From The Washington Post:
"The miners have nothing to do with the blackouts," Ziya Sadr, a cryptocurrency researcher in Tehran, told The Washington Post. "Mining is a very small percentage of the overall electricity capacity in Iran."
He added, "It is a known fact that the mismanagement and the very terrible situation of the electricity grid in Iran and the outdated equipment of power plants in Iran can't support the grid."
The government itself has pointed to cheap electricity rates, enabled by government subsidies, as another major cause of the blackouts. A member of the board of the Iranian Blockchain Association told IRNA that the electricity used by cybercurrency miners in Iran was estimated to be about equal to the electricity lost by the network during distribution.

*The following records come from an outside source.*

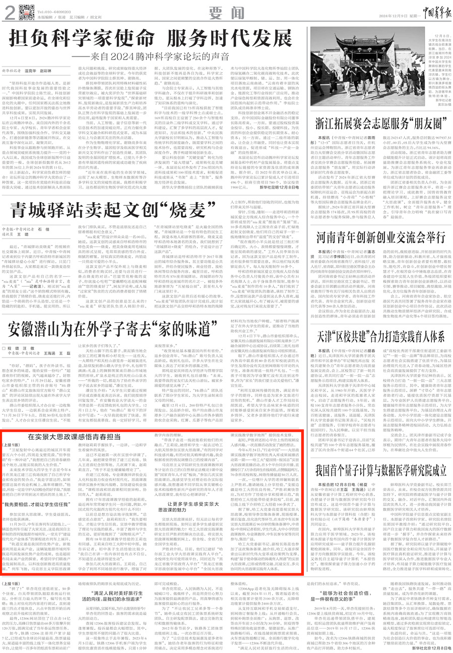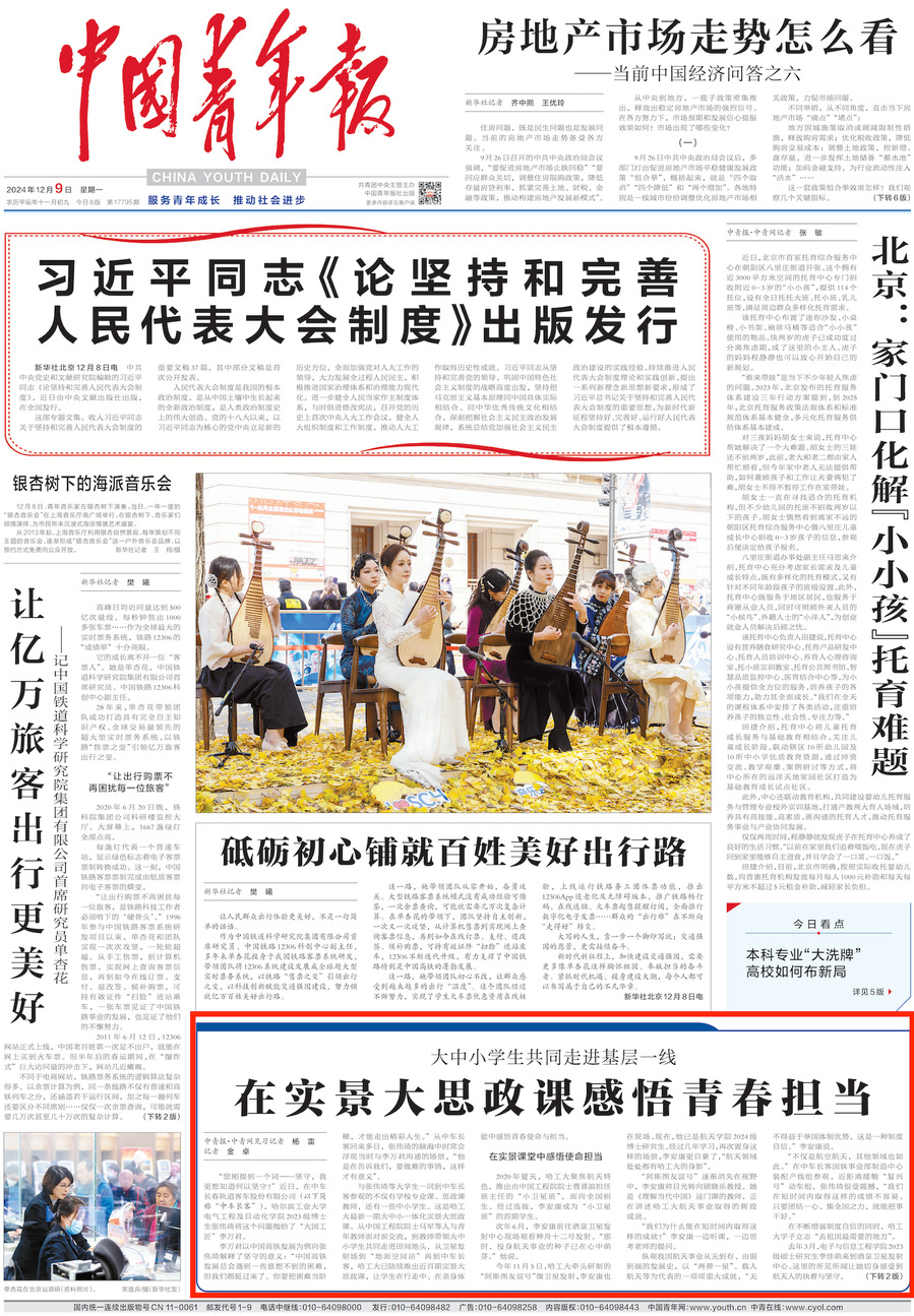 哈工大全媒体(李双余/文)12月9日,《中国青年报》头版推出《在实景大思政课中感悟青春担当》,报道我校大中小一体化实景大思政课的创新实践,聚焦师生在实景大思政课中的感悟收获和特色做法。
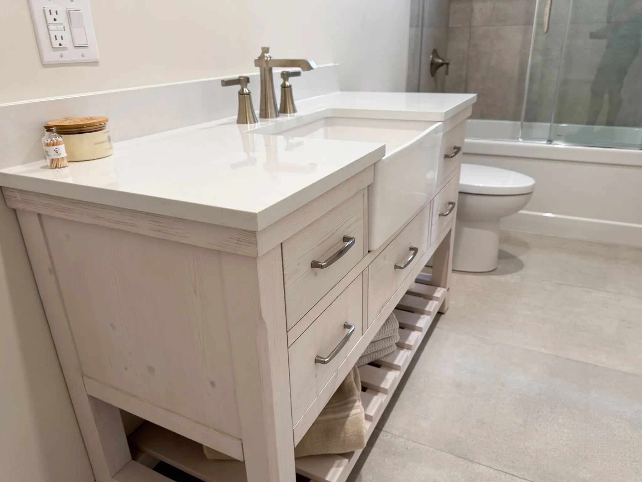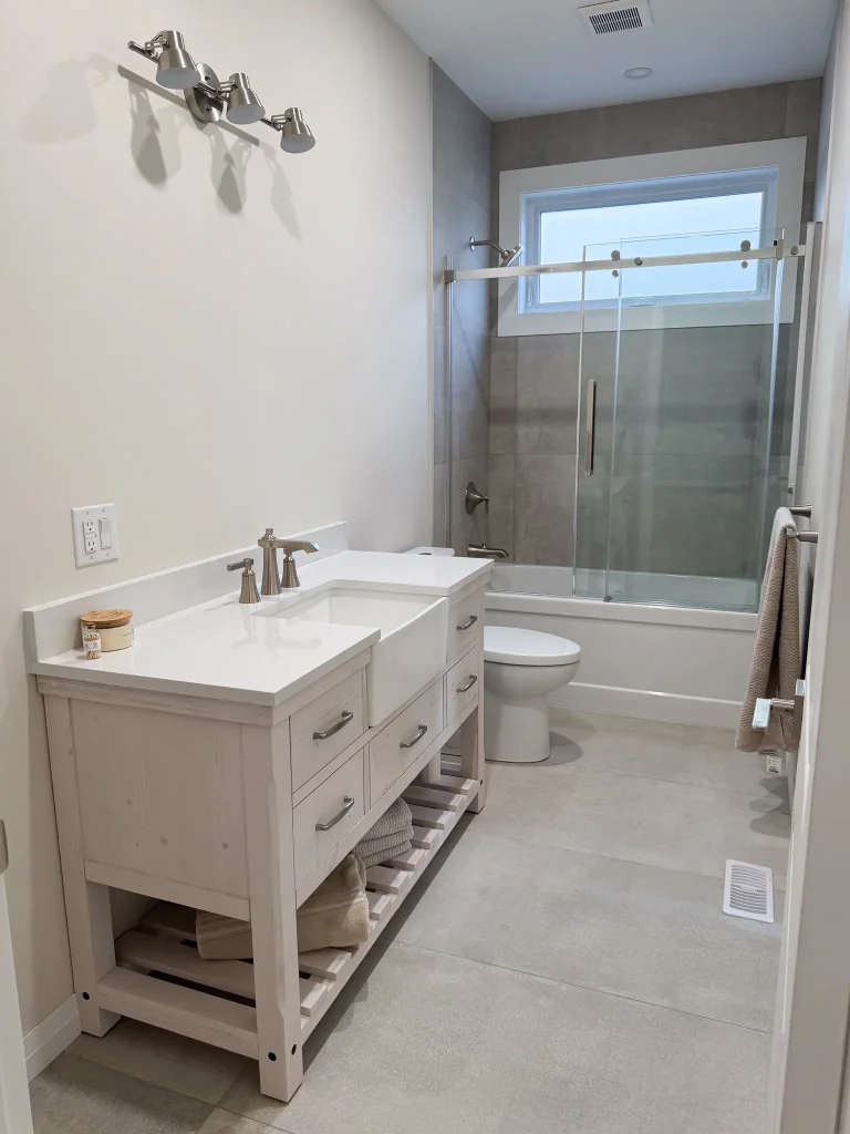 Throughout the home, every detail supports a balance of form and function. The bathroom pairs a farmhouse-inspired vanity with an apron-front sink and open shelving, while large-format tile lends a modern touch. Ample windows in each room bring in natural light and frame views of the surrounding landscape. From entryway to back deck, this home is designed to feel effortless, warm, and livable—where classic farmhouse charm meets modern simplicity.
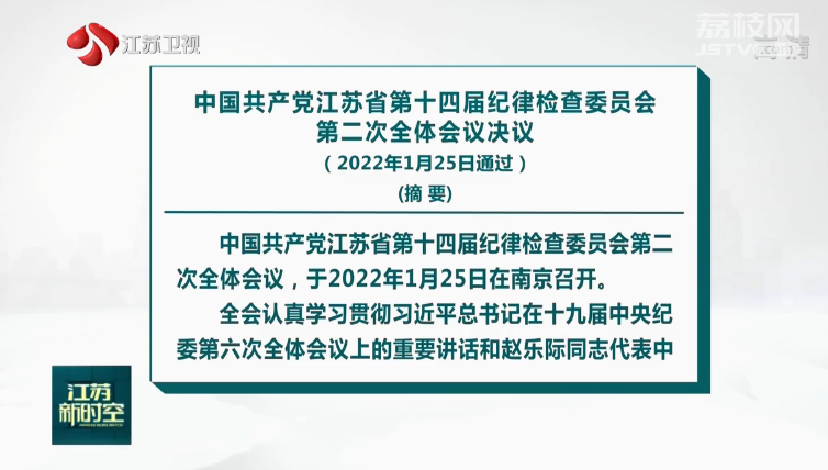 中国共产党江苏省第十四届纪律检查委员会第二次全体会议决议(2022年1月25日通过)
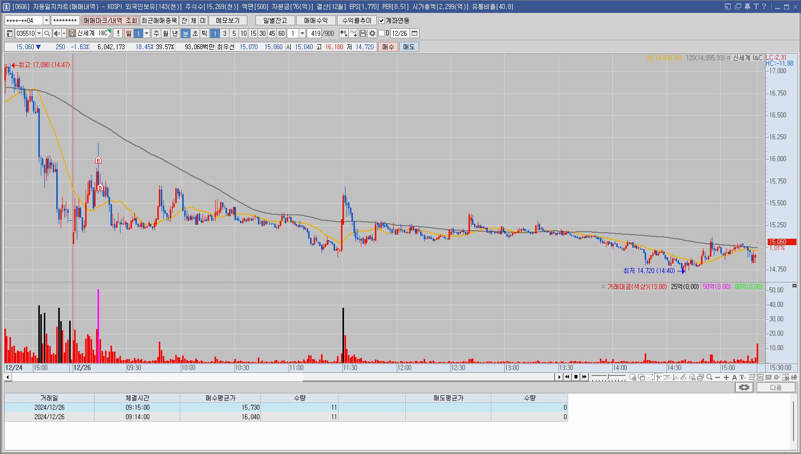 그 후 지켜보는데 다시 상승하려고 하는 모습에 2차 매수를 했는데 하락하는 모습에 손절해서 수익을 거의 반납
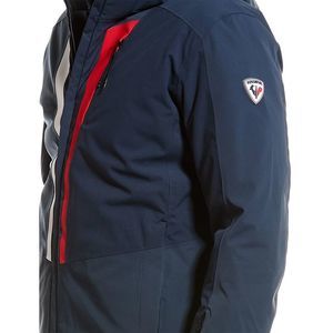 About the brand: Iconic French ski wear driven by athletes. Summit Stripe Jacket in dark navy with hooded back, chest pocket, two front hand pockets, zippered sleeve pocket, interior snowskirt and inner drawcord at hem Approximately 30in from shoulder to hem Zipper front 87% polyamide, 13% elastane Contrast: 100% polyester Lining: 100% nylon Padding: 100% polyester Machine wash Imported
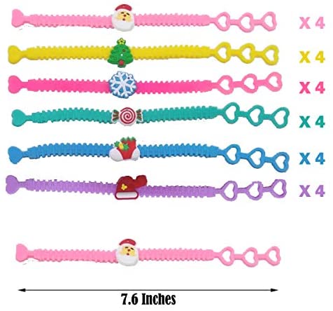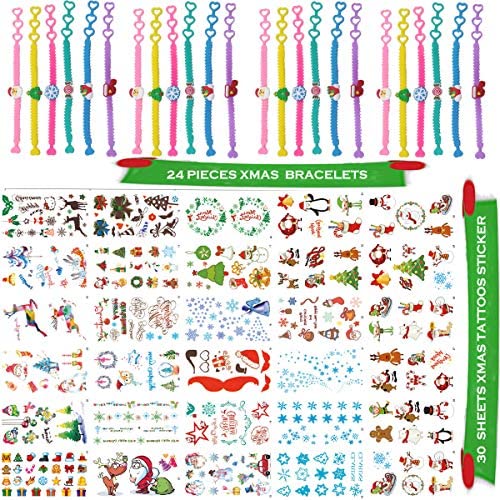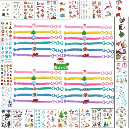 54PCS Christmas Silicone Bracelets Party Favors for Kids Adults, Xmas Rubber Wristbands Bulk Santa Gift Toys Prizes for Holiday Decoration Wrist Band Party Supplies, Party Goodie Bags, Bonus Tattoos
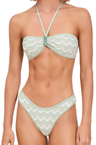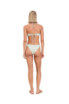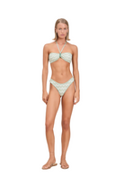 The Portia is a bandeau-style top, with removable pads and beading detail in the front center, and an adjustable tie around the neck. Pairs back with the Paola Bottoms.
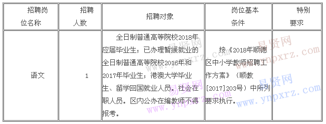 根據(jù)《廣東省事業(yè)單位公開招聘人員辦法》及《2018年順德區(qū)公辦中小學(xué)教師招聘工作方案》(順教[2017]203號)的要求,結(jié)合我校師資需求缺口實際,現(xiàn)就2018年我校面向社會公開招聘教師公告如下:
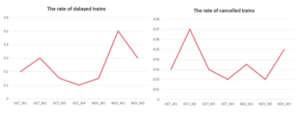 The two line graphs illustrate the weekly percentages of train delays and cancellations over a seven-week period from early October to mid-November.
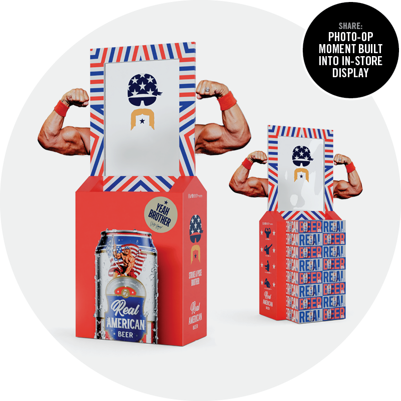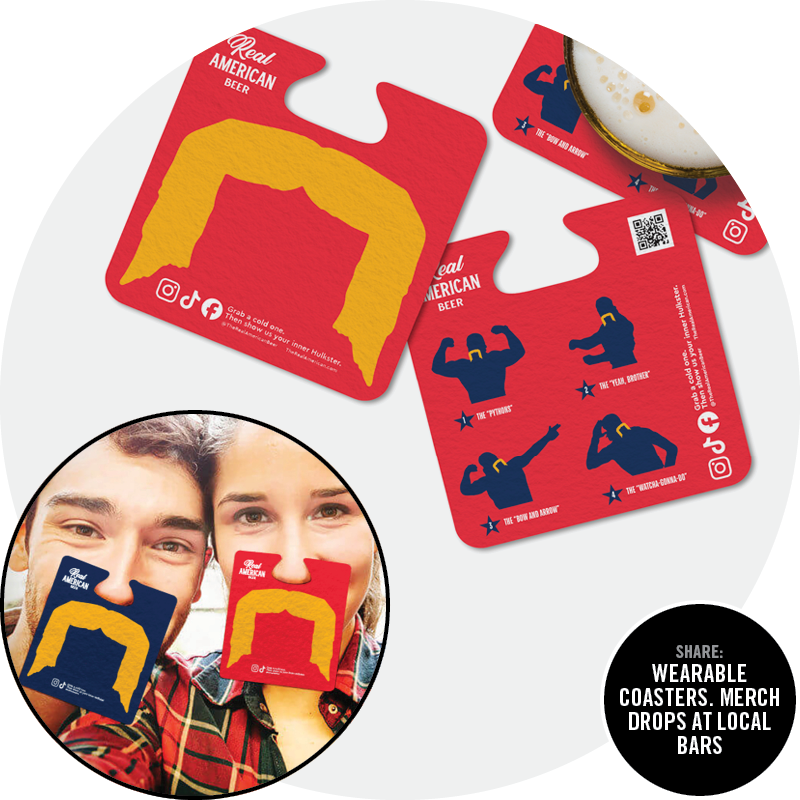 A BRAND LAUNCH CAMPAIGN FOR HULK HOGAN’S NEW REAL AMERICAN BEER. INTERACTIVE BRAND TOUCHPOINTS TO ANNOUNCE AND DRIVE SOCIAL INTERACTION.

One quibble with The Washington Post piece. It states, "Decentralized cryptocurrencies rely on high-powered computers to verify that transactions are legitimate by solving complicated mathematical problems." That's incorrect on two counts. First, transactions are not verified by solving complicated mathematical problems. Miners compete for rewards by trying to be the first to guess a random number. There's nothing complicated about guessing it. And second, cryptocurrencies do not "rely on high-powered computers to verify that transactions are legitimate." The reason miners use high powered computers is that the miners are competing with each other to make as many guesses as possible, and the more power their computers, the faster they can make guesses. But if 99.9% of all the computing power devoted to mining was shut down, the remaining miners would still be able to verify the transactions at the same rate they are verified now, because the bitcoin network automatically adjusts the difficulty of guessing the random number to match the computing power devoted to guessing it.